第2章 衛星から得られた台風域内の海上風分布
本章では、衛星から得られた台風域内の海上風データを収集・解析することにより、台風域内で風向・風速がどのような分布をしているかを調べるとともに、台風の進行速度や中心気圧が変化したときに、域内の海上風速の分布がどのように変化するかを調べた。解析内容は昨年度報告書を概ね踏襲しているが、主な変更点としては、台風中心位置の算出処理上の精度向上、解析年数の追加が上げられる。
2.1 使用したデータ
(1) 海上風データ
海上風データとしては、海洋観測を目的として打ち上げられたERS-1及びERS-2に搭載されたマイクロ波散乱計によって測定されたデータを利用した。
ERS-1及びERS-2は、それぞれ衛星の進行方向、後退方向及び垂直横方向に向いている3本のアンテナを有しており、衛星の軌道に沿った幅約500km範囲内での風向風速の分布を測定することができる。

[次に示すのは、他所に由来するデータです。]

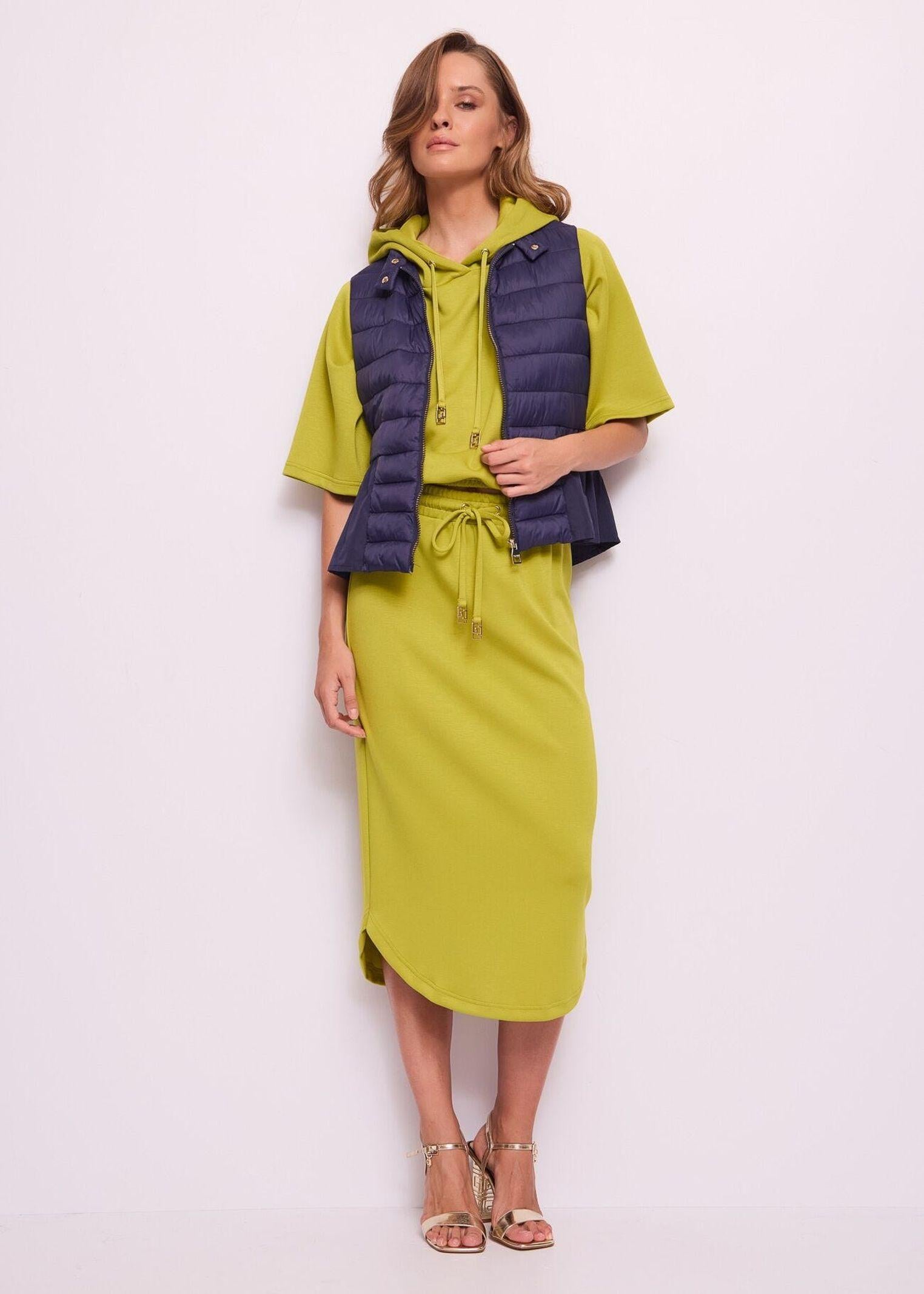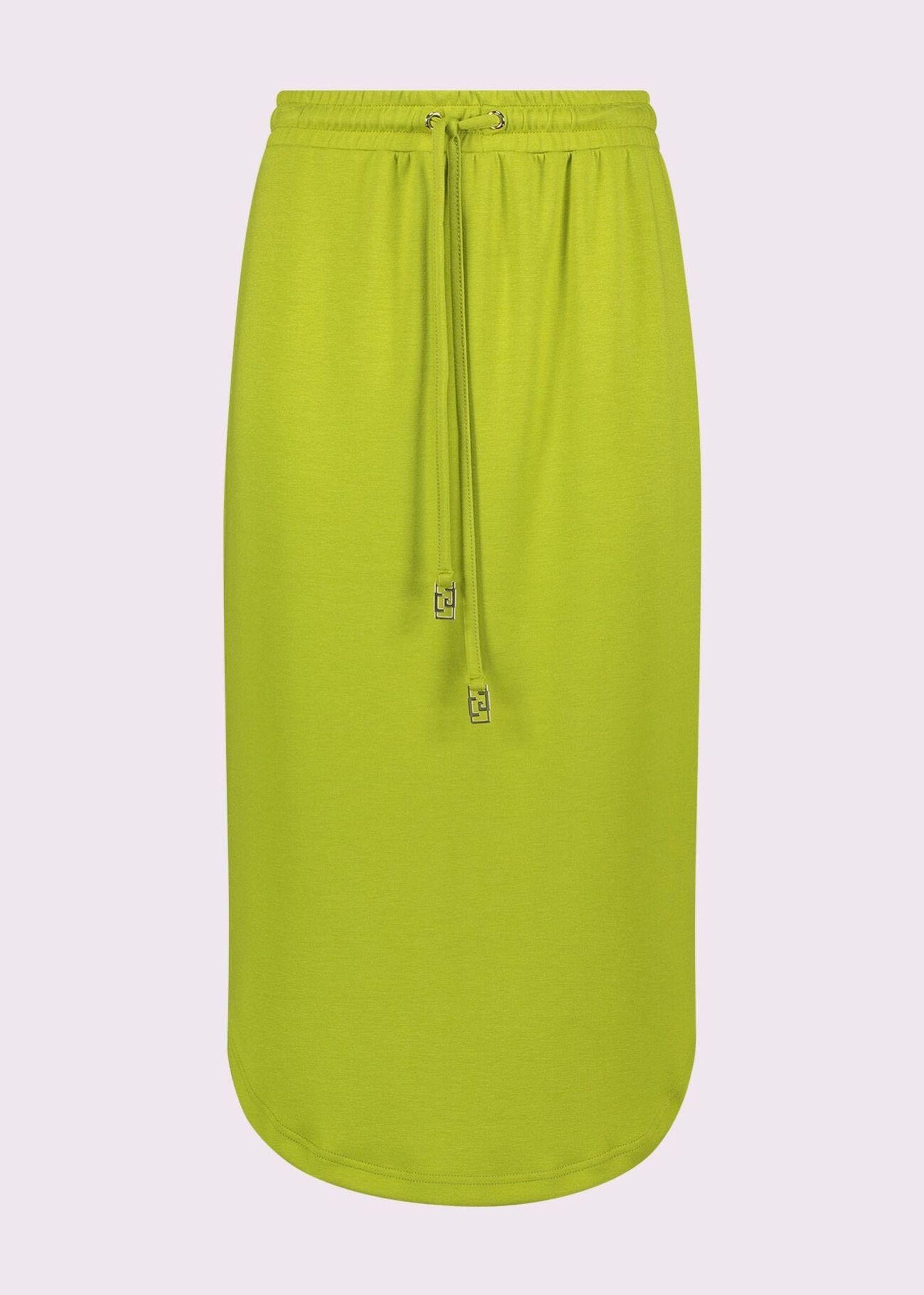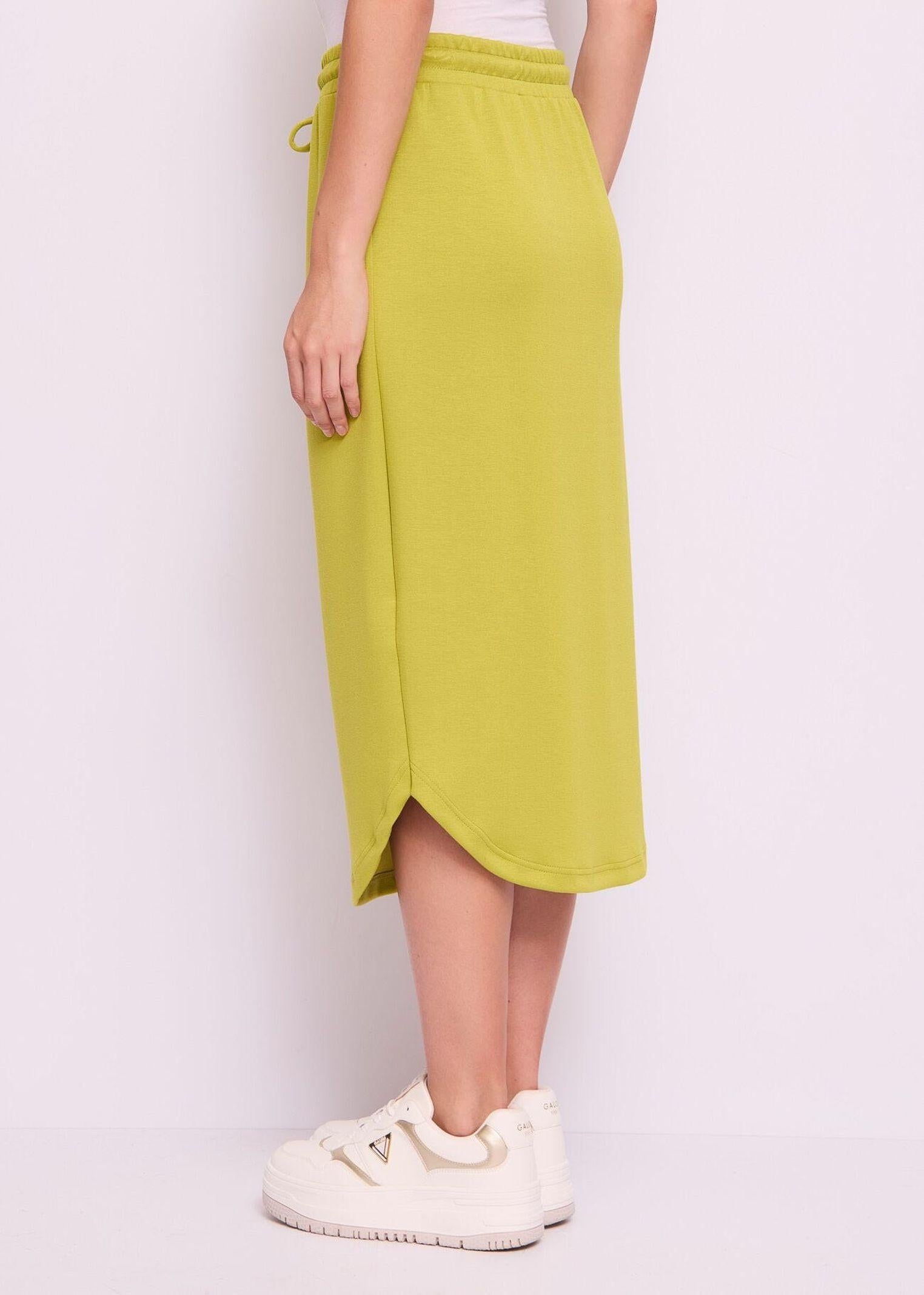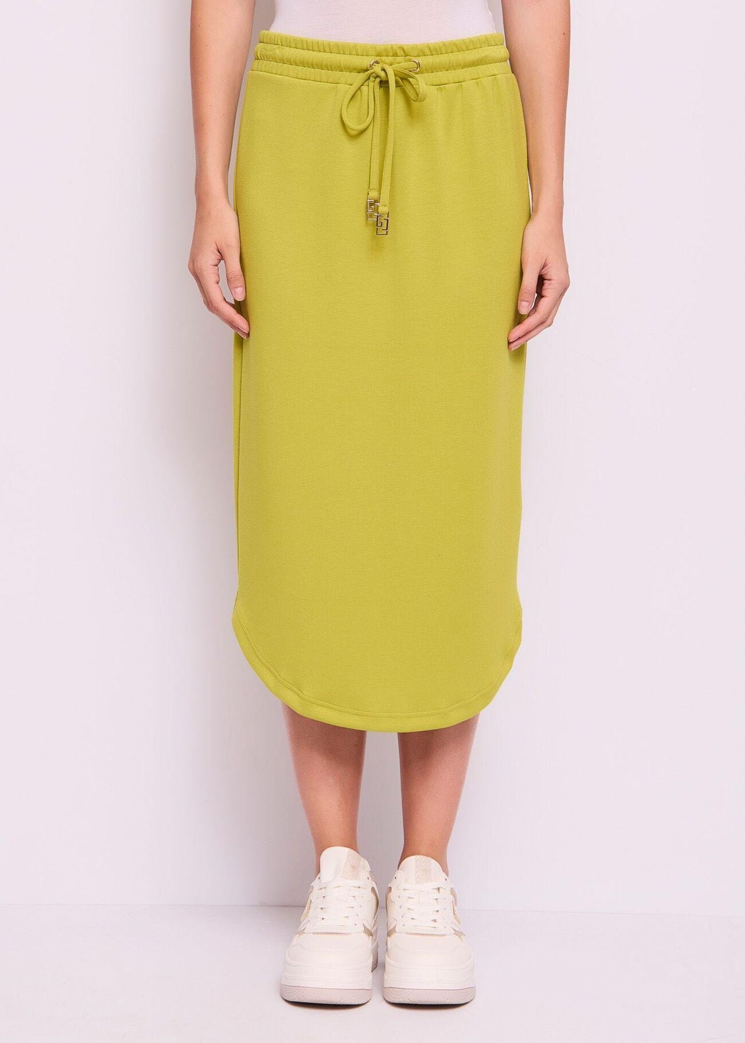 Gonna longuette in scuba leggera e traspirante, con lunghezza midi e linea fluida che valorizza la figura. La vita è elasticizzata e regolabile grazie a una coulisse logata, mentre le tasche laterali aggiungono praticità al design. La vestibilità comoda e moderna la rende perfetta per un look casual dal tocco sportivo.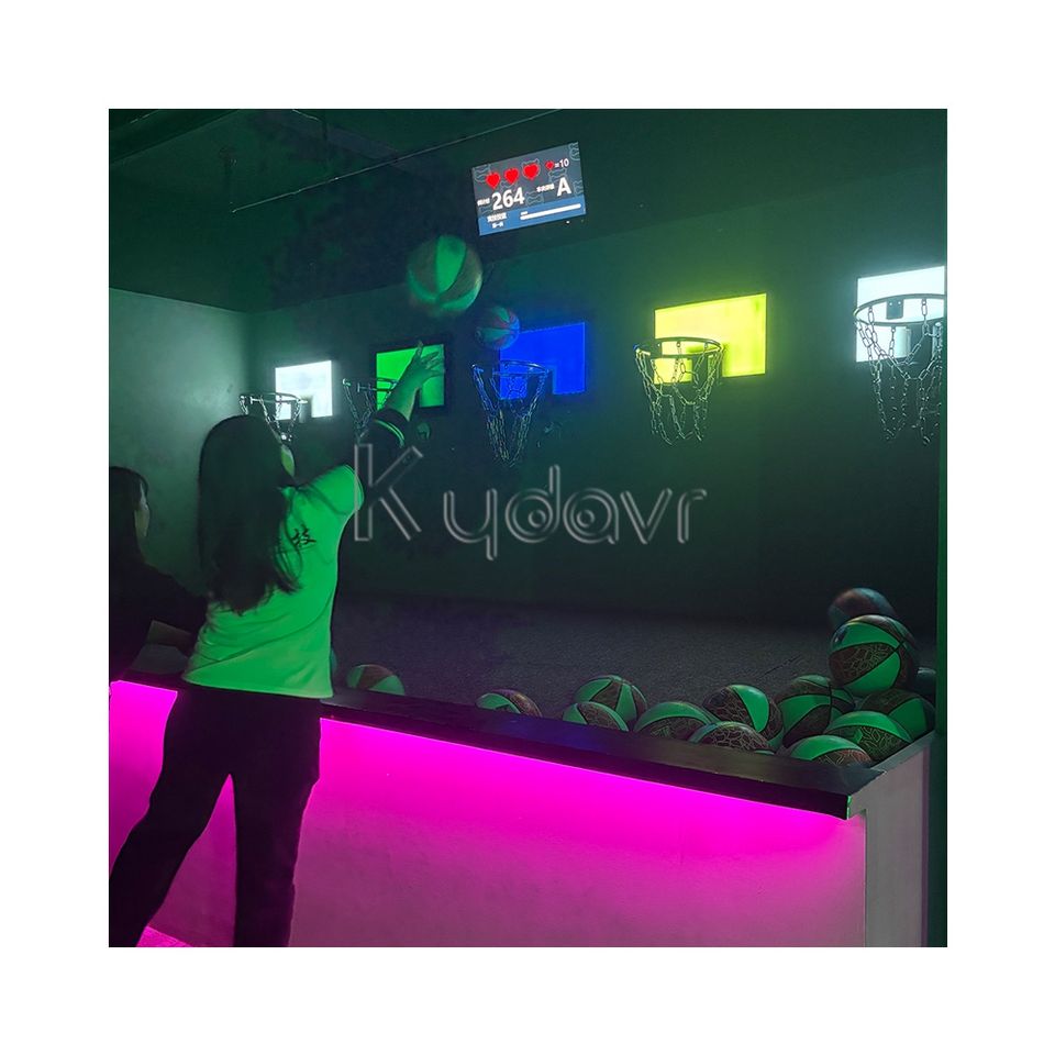 ไฟ LED แบบตารางพิกเซลการแข่งขันการแข่งขันบาสเก็ตบอลเปิดใช้งานห่วงหลักที่ท้าทายสำหรับห้องเกมกีฬาในร่มแบบกำหนดเอง

本研究では、ERS-1及びERS-2による測定結果をIFREMERがCD-ROMに編集しているWNFプロダクトを入手して解析に使用した。データを収集した期間は1992〜1999年、プロダクトの仕様は以下の通りである。
風速測定範囲:1〜28m/s
風向測定範囲:0〜360度
風速精度:2m/sまたは10%(どちらか大きい方)
風向精度:20度
測定範囲:衛星軌道を中心にして500km×500km
空間分解能:25km×25km
WNFプロダクトは衛星軌道に沿った全球のデータから構成されており、その容量が大変大きい。そこで解析を行う前に、日本付近(北緯5〜40度、東経120〜170度)のデータのみをプロダクトから抜き出して編集を行った。また、プロダクトには、1領域につき理論上求まる最多で4組までの風向風速が書き込まれているが、それらの解のうち、プロダクト内の指示符によって最も信頼がおけると考えられる解を選んだ。